§ **Work instruction**:
Repeat the data in full and exactly. Leave the pictures out.

§ **Exercise data**:
##############################

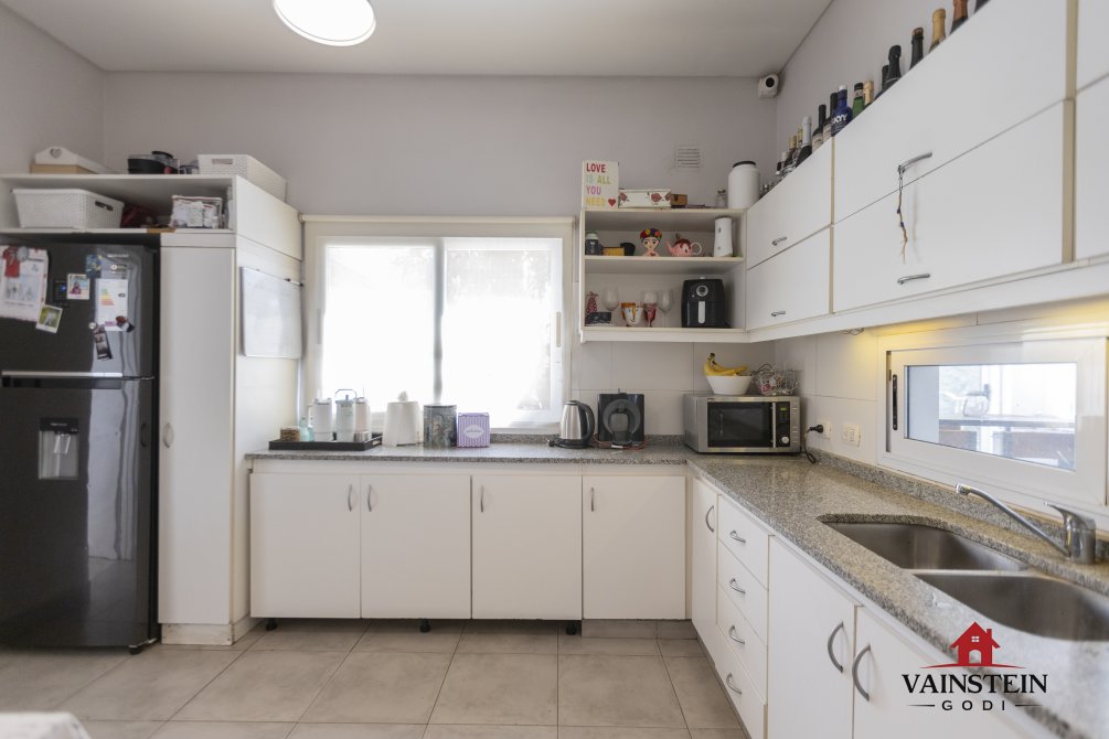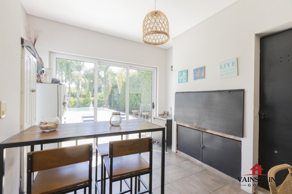 • Amplia cocina comedor, equipada con alacenas, bajo mesada y moderna isla con anafe, con acceso directo al jardín.
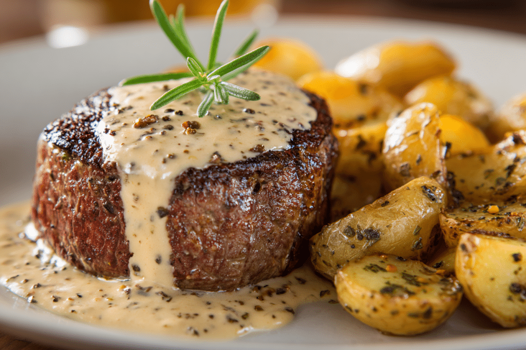Filet Mignon with Creamy Peppercorn Sauce is a timeless steakhouse classic — tender, buttery filet seared to perfection and finished with a velvety pan sauce rich with cream, brandy, and …
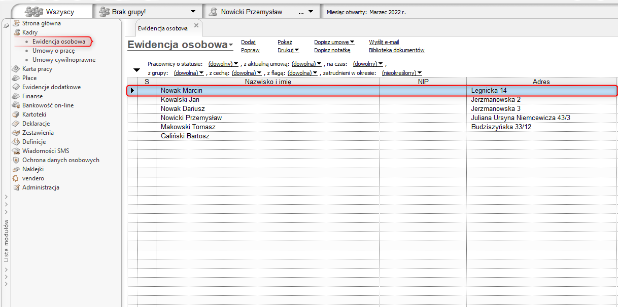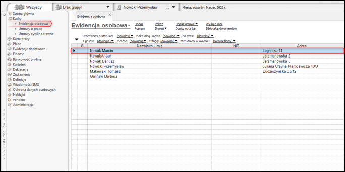1. Przejść do ewidencji osobowej i zaznaczyć pracownika na liście.
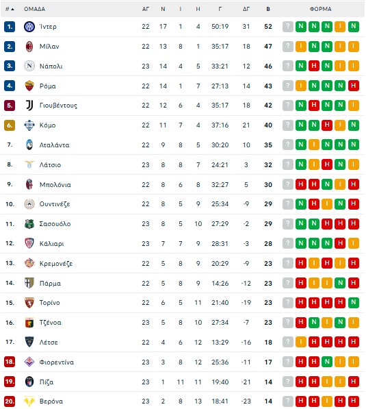 1/2 19:00 Κρεμονέζε – Ίντερ

##############################

§ **Completed exercise**:
 • Amplia cocina comedor, equipada con alacenas, bajo mesada y moderna isla con anafe, con acceso directo al jardín.
Filet Mignon with Creamy Peppercorn Sauce is a timeless steakhouse classic — tender, buttery filet seared to perfection and finished with a velvety pan sauce rich with cream, brandy, and …
1. Przejść do ewidencji osobowej i zaznaczyć pracownika na liście.
 1/2 19:00 Κρεμονέζε – Ίντερ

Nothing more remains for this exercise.